Relief floods through me. “Yeah. I’m here. You collapsed.” I keep my hand on his shoulder. Grounding contact for both of us. “Don’t try to sit up yet. Just breathe.”
He’s staring up at me. Disoriented and vulnerable in a way I’ve never seen him. No walls. No control. Just raw confusion and dawning horror as the memories come back.
I tighten my grip on his shoulder. “Stay with me. Right here. Don’t go anywhere in your head yet.”
His hand comes up to grip my wrist, while mine still rests on his shoulder. Not tight enough to hurt, but firm. Anchoring himself. His skin is fever-hot against mine.
We stay like that for a moment, neither of us letting go.
Not yet.
I watch his gaze travel around the chamber. He takes in the dead hunters, the fading light on the walls, and Sarpi’s body.
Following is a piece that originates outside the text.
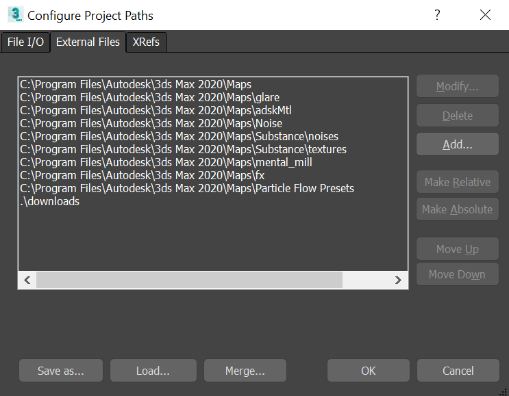 You can use MXP (Max Path) files to save, load, and merge the paths that the Configure Project Paths dialog manages. This capability makes it easy for content-creation teams to keep projects organized and work efficiently by using the same paths.

Watch the memories click into place.
My hands are shaking. Can’t stop them. The adrenaline is crashing and taking my composure with it. I force myself to breathe. In. Out. In. Out.
Sarpi is dead. Tynrax almost died. We’re stranded. Five thousand people are counting on us.
I can fall apart later.
The ground trembles beneath us.
Another aftershock.
Larger than the last one. And I can hear rocks sliding down the cliff face outside. Hear something metal groan in the distance.
The ship. Please don’t let it be the ship.